Yeah-I am really hoping to avoid that-they live about 2 hours from me in another state and I think that is where I would have to file. I may be able to convince a lawyer friend to write a letter.....maybe......


----------



## Saddlebag (Jan 17, 2011)

A phone call to your local court house will answer about who has to be in what state. They will also answer your questions about filing.


----------



## Joe4d (Sep 1, 2011)

did any transactions go through US mail ? You might have mail fraud issuses. I wouldnt lower your self to the nitpicking childish insults. File a complaint with the BBB in their area, send them a certified letter (keep a copy) demanding your money or you will be seeking legal action within 30 days. Then file a lawsuit.


----------



## Delfina (Feb 12, 2010)

A certified letter from an attorney may be enough of a scare tactic to get your $$ + interest AND fees.


----------



## franknbeans (Jun 7, 2007)

Joe4d said:


> did any transactions go through US mail ? You might have mail fraud issuses. I wouldnt lower your self to the nitpicking childish insults. File a complaint with the BBB in their area, send them a certified letter (keep a copy) demanding your money or you will be seeking legal action within 30 days. Then file a lawsuit.
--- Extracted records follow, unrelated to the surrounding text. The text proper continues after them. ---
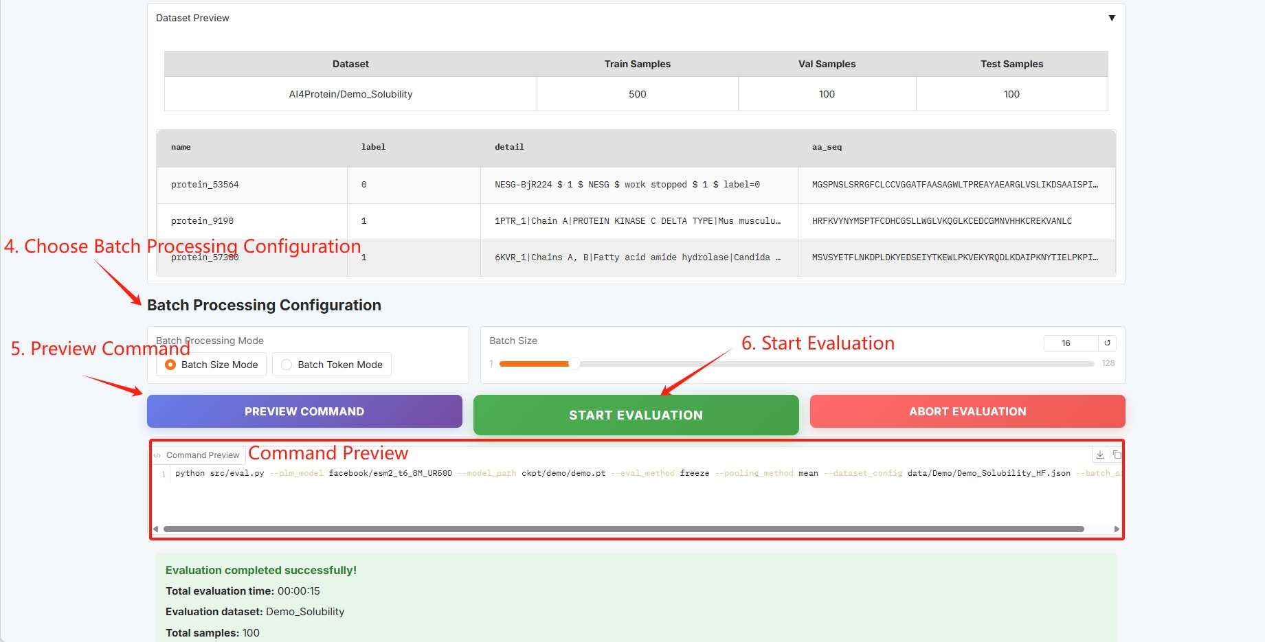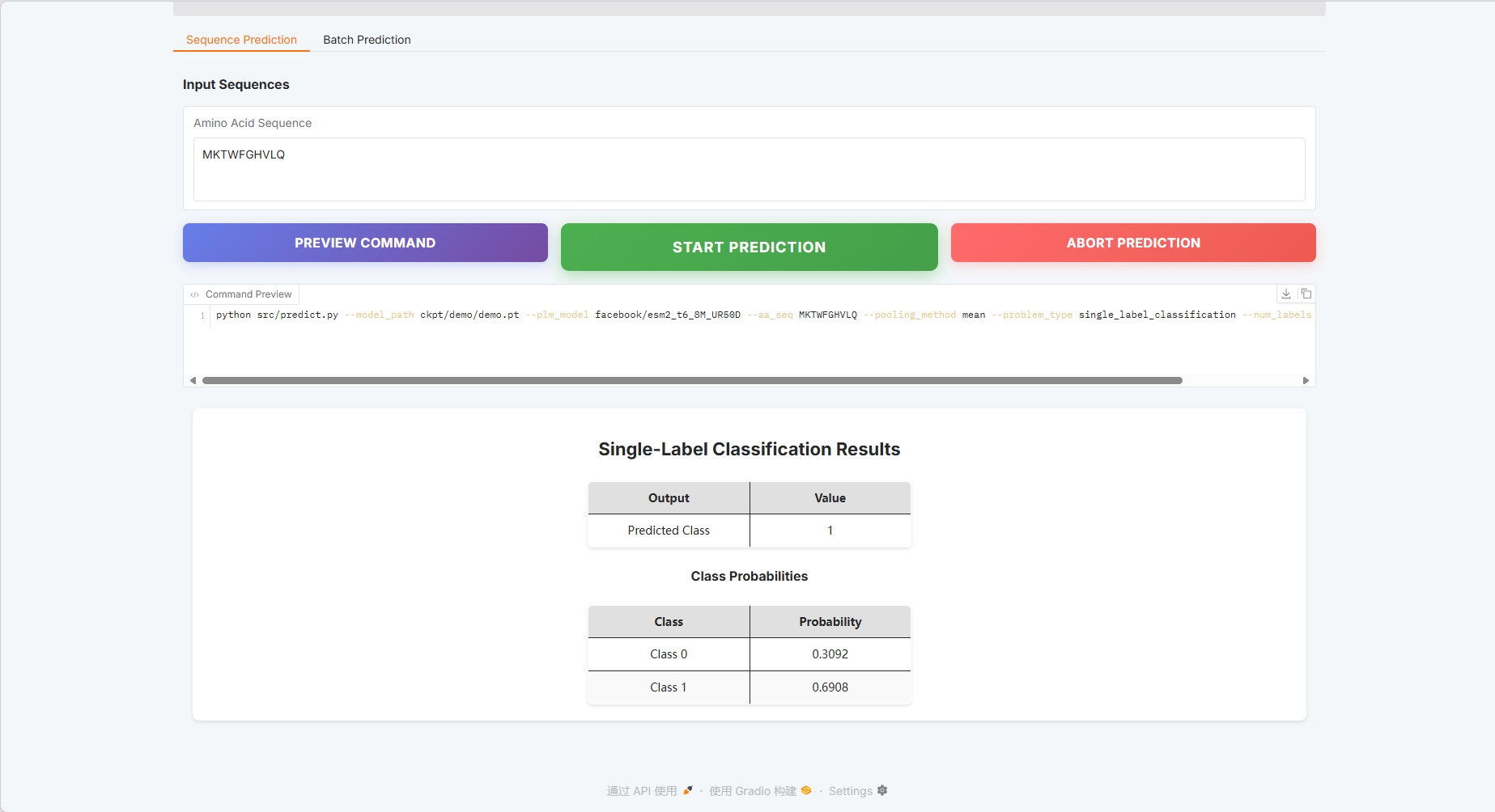 La plateforme prend en charge l'exécution en ligne de commande et une interface sans code basée sur Gradio, et intègre plus de 40 ensembles de données liés aux protéines et plus de 40 PLM populaires, ce qui la rend facile à utiliser pour les chercheurs en informatique et en biologie.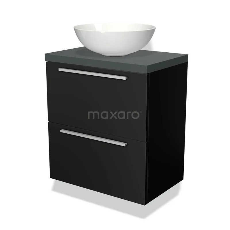 Modulo Plato Slim Badmöbel mit Aufsatzwaschbecken | 60 cm Matt Schwarz Flach front Dunkelgrau blatt 2 übereinanderliegende Schubladen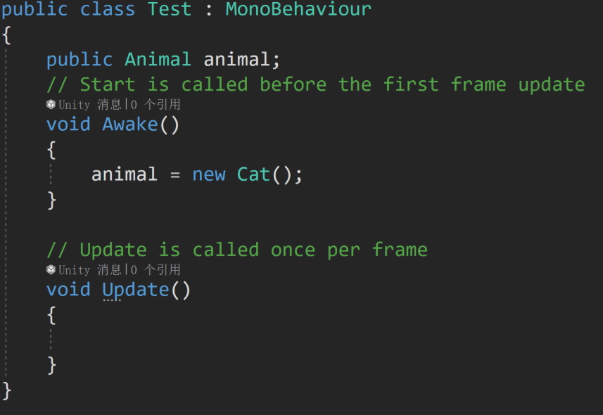 IBehavior,字段声明为public IBehavior behavior;,加上[SerializeReference],就可以拖拽并选择具体实现PatrolBehavior、ChaseBehavior,并直接在 Inspector 配置它们内部参数。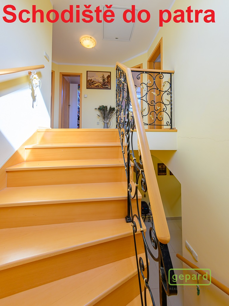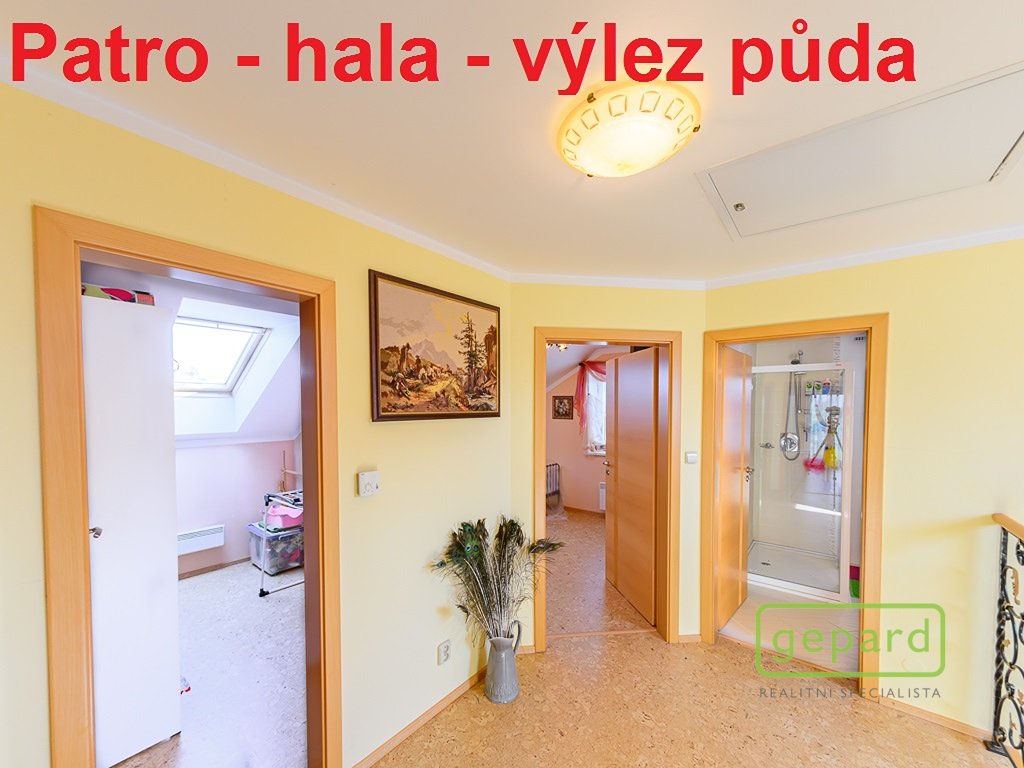 2/ Obytné podkroví se skládá ze schodiště, chodby, koupelny (vana, sprchový kout), 3x pokoj, balkon, samostatné WC, šatna. (dále možnost využití pochozí půdy, vysouvací žebříkové schody).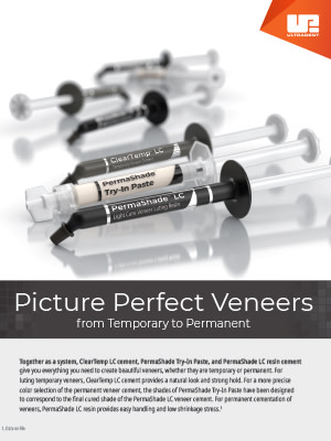 Designed to give added precision and convenience, PermaShade LC luting resin's unique syringe gives both ergonomic comfort and is perfect for use with smaller veneers.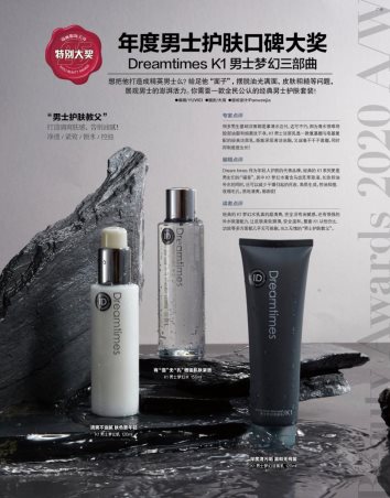 (Dreamtimes K1男士梦幻三部曲荣获瑞丽美容大赏年度男士护肤口碑大奖)

Nitpicking childish insults? Where? Really after nearly 2 yrs? Only thing that went thru the mail is the one check I have received. Nothing else. All on person. I just happened to stop in the day -yes day they were cloing their shop-got lucky on that one. I talked to them again tonite-promise me a check this week. If not-I will look into a check from at atty and/or BBB in their area-altho they closed their shop and really only do business on the road......I do know where they are based tho, at least an area, and some of them are on FB.......so they are findable.


----------



## ESPIE413 (Aug 27, 2012)

small claims court, even if you "win" you still have to go after them to get the money. the court does nothing to get you the money you are owed, they just tell you you win and they have to pay you. 

just adding my two cents. however, i wouldn't let them go. if you need the money, then get it. its yours in the first place.


----------



## AlexS (Aug 9, 2010)

I'd take them to court. I realize that a 2 hour drive is a pain, but I do that almost daily to take the kids to the office (it's 30 mins each way, and they are there for 2.5 hours so I come home). I am sure as heck not being paid as much as $1k, and I think it's worth the drive time to come home.


----------



## franknbeans (Jun 7, 2007)

Update-still nothing from them despite certified letters giving them until 4/1, so the papers will be sent in and the case filed. I do not need to be there unless they decide to defend-then I will need to be. After 2 years this is a little ridiculous, and I am feeling a bit ****ed-like they are thumbing their noses at me and daring me to file-so-here goes. Constable delivered and all. Perhaps then they will get the hint.


----------



## wetrain17 (May 25, 2011)

Hopefully you will hear from them soon and get your money back.


----------